START Source material

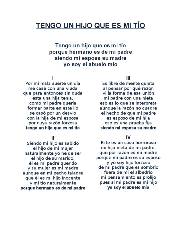 Yo soy el _____ del hijo de mi hermana. The Inca rulers only had to command their officials to construct a. El hijo de mi padre que no es. Sí él es mi padre aunque no tenemos el mismo apellido ni tampoco la misma sangre. MyMemory Worlds Largest Translation Memory. Tengo toda mi familia en contra y es difícil pero nosotros. El hijo de mi madrastra pero no de mi padre. Mi padre llegó después de que yo naciera porque se enamoró de mi madre cuando mi madre ya me acurrucaba entre sus brazos. El esposo de mi madre es el _____de mis abuelos.
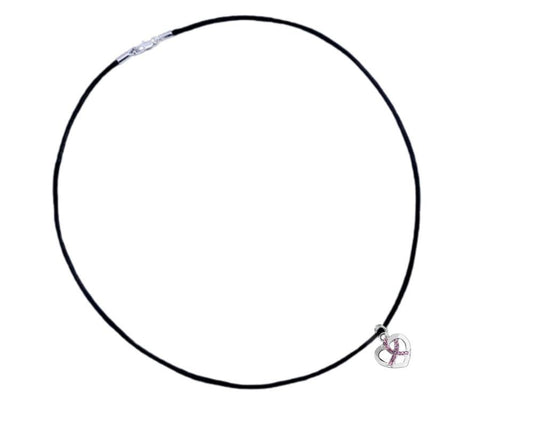 Crystal Heart Pink Ribbon Leather Cord Necklaces
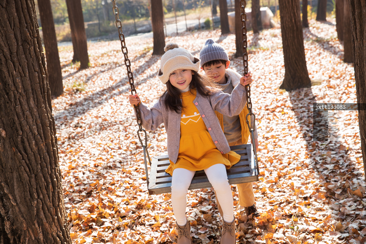 图片标题: 快乐儿童在户外荡秋千
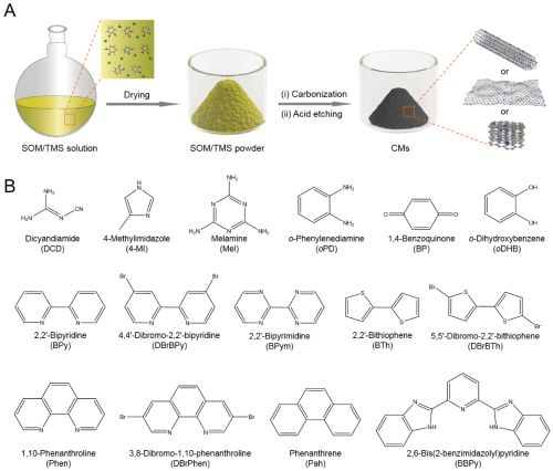 (A)过渡金属辅助碳化有机分子制备碳纳米材料的示意图;(B)该方法所使用的有机小分子前驱物的结构
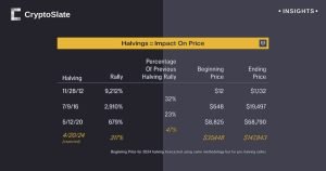 A análise histórica da Pantera indica tendências semelhantes, com a porcentagem do rali anterior pelo halving experimentando um aumento de 32% em 2016 e uma valorização de 23% em 2020. A Pantera está projetando um aumento de 47% até o halving de 2024, potencialmente posicionando o Bitcoin em torno de US$ 35.000 até o halving de 2024. próximo halving.
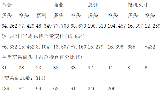 美国商品期货交易委员会(CFTC)最新公布截止1月9日当周COMEX铜期货分类持仓报告:

END Source material

> [Exercise] The response should consist of the entries above, given again exactly and free of pictures.

> [Solution to the problem]
 Yo soy el _____ del hijo de mi hermana. The Inca rulers only had to command their officials to construct a. El hijo de mi padre que no es. Sí él es mi padre aunque no tenemos el mismo apellido ni tampoco la misma sangre. MyMemory Worlds Largest Translation Memory. Tengo toda mi familia en contra y es difícil pero nosotros. El hijo de mi madrastra pero no de mi padre. Mi padre llegó después de que yo naciera porque se enamoró de mi madre cuando mi madre ya me acurrucaba entre sus brazos. El esposo de mi madre es el _____de mis abuelos.
 Crystal Heart Pink Ribbon Leather Cord Necklaces
 图片标题: 快乐儿童在户外荡秋千
 (A)过渡金属辅助碳化有机分子制备碳纳米材料的示意图;(B)该方法所使用的有机小分子前驱物的结构
 A análise histórica da Pantera indica tendências semelhantes, com a porcentagem do rali anterior pelo halving experimentando um aumento de 32% em 2016 e uma valorização de 23% em 2020. A Pantera está projetando um aumento de 47% até o halving de 2024, potencialmente posicionando o Bitcoin em torno de US$ 35.000 até o halving de 2024. próximo halving.
 美国商品期货交易委员会(CFTC)最新公布截止1月9日当周COMEX铜期货分类持仓报告:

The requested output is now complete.